EXERCISE INPUT >>
Start of Block
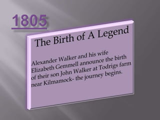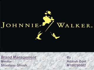 The document summarizes the history and evolution of Johnnie Walker whisky brand over 200 years, from its origins in Kilmamock, Scotland in 1820 when John Walker opened a grocery shop, to its growth into a global brand under his son Alexander Walker. It traces key events like acquiring the Cardhu distillery in 1893, introducing colored label variations in 1909, and expanding distribution worldwide. It highlights the brand's ongoing innovation with new premium blends to mark milestones like its 150th anniversary in 1970 and partnerships to sponsor major events.
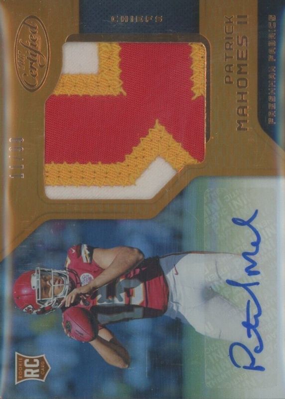 The Patrick Mahomes II 2017 Certified #207 Freshman Fabric Signatures - Mirror Orange (/99) Rookie card in Raw condition has not changed in price in the last 30 days and was last sold for $3,001.00 .
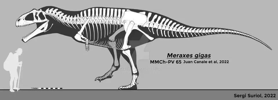 论文:Canale, J.I.; Apesteguía, S.; Gallina, P.A.; Mitchell, J.; Smith, N.D.; Cullen, T.M.; Shinya, A.; Haluza, A.; Gianechini, F.A.; Makovicky, P.J. (7 July 2022). "New giant carnivorous dinosaur reveals convergent evolutionary trends in theropod arm reduction". Current Biology.
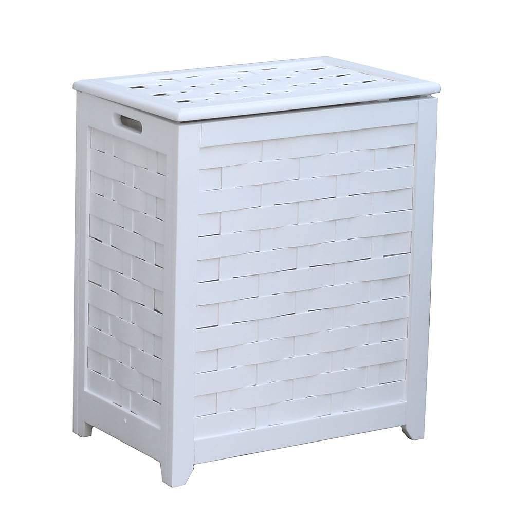 Oceanstar Rhv0103w Rectangular Veneer Laundry Wood Hamper With Interior Bag, White
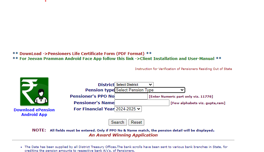 enter your district, pension type, name, and all the details, and then click on the search option.
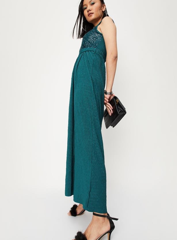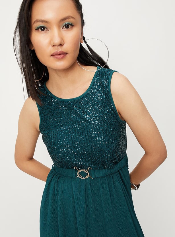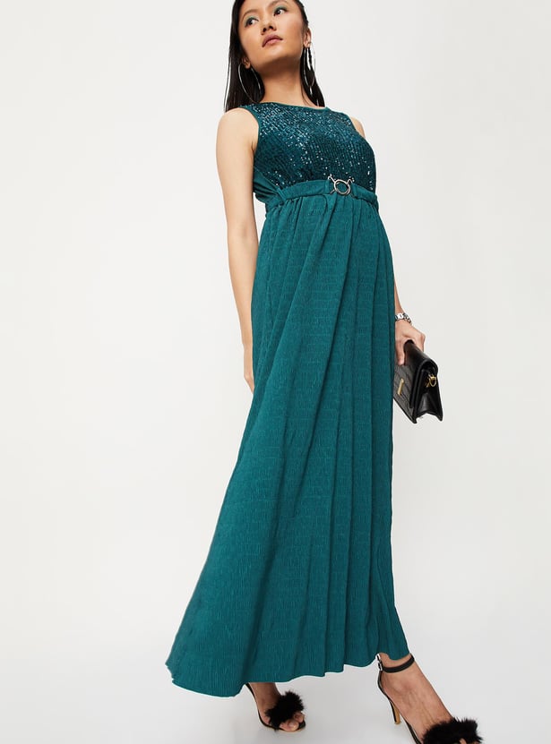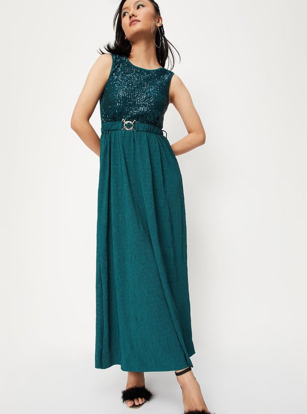 Women Sequinned Belted Maxi Dress
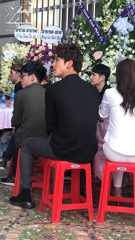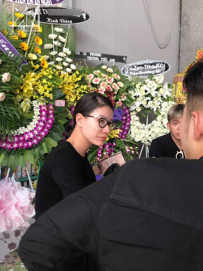Phạm Quỳnh Anh đến viếng và ngồi lặng lẽ ở đám tang. Nữ ca sĩ không thể giấu được cảm xúc trước sự ra đi này.
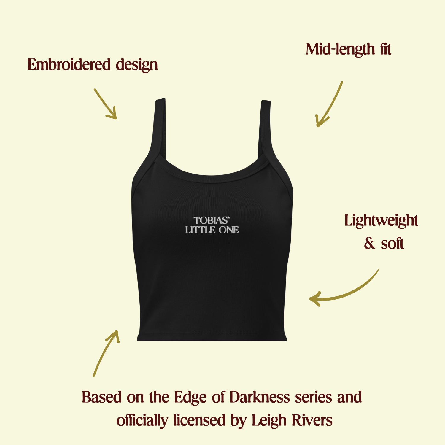 Little one” is one of those nicknames that carries more weight than it seems. Inspired by Edge of Darkness, this embroidered tank is made for readers who loved watching Tobias Mitchell and Stacey’s relationship evolve into something protective, intense and unexpectedly tender.
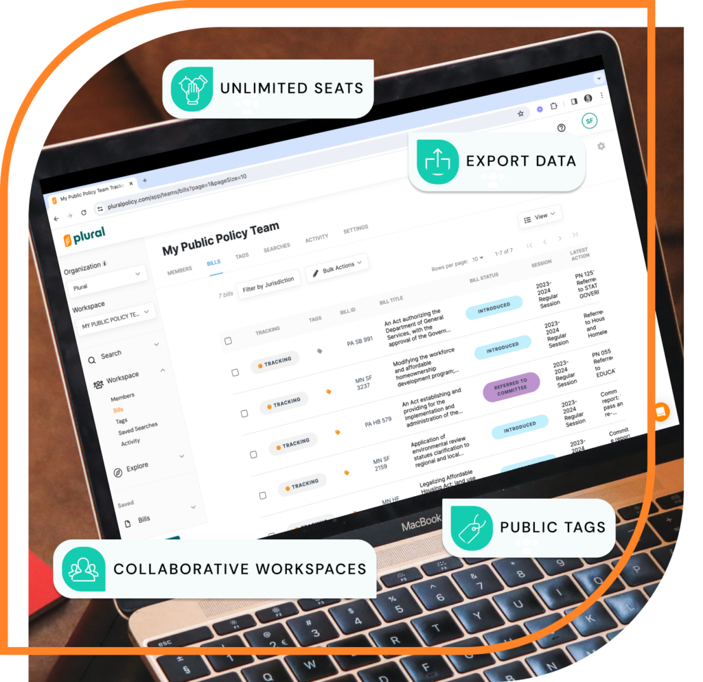 Plural offers unlimited dedicated workspaces for team collaboration, allowing for efficient organization and tracking of legislative initiatives. Within your workspaces, you can annotate bills, create and share notes, and upload external files to keep all your resources in one place.
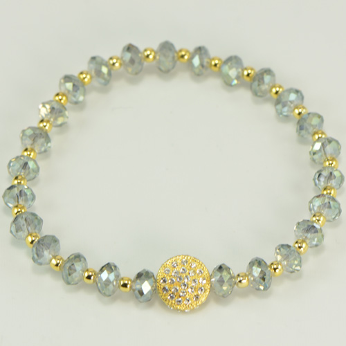 - Green Crystals with Small 14K Gold Plated Beads - Stretchy Style
End of Block
WHAT IS BEING ASKED >>
With pictures left out, repeat exactly the lines from the line bearing "Plural offers unlimited" through the final line of the records above.

WRITTEN SOLUTION >>
 Plural offers unlimited dedicated workspaces for team collaboration, allowing for efficient organization and tracking of legislative initiatives. Within your workspaces, you can annotate bills, create and share notes, and upload external files to keep all your resources in one place.
 - Green Crystals with Small 14K Gold Plated Beads - Stretchy Style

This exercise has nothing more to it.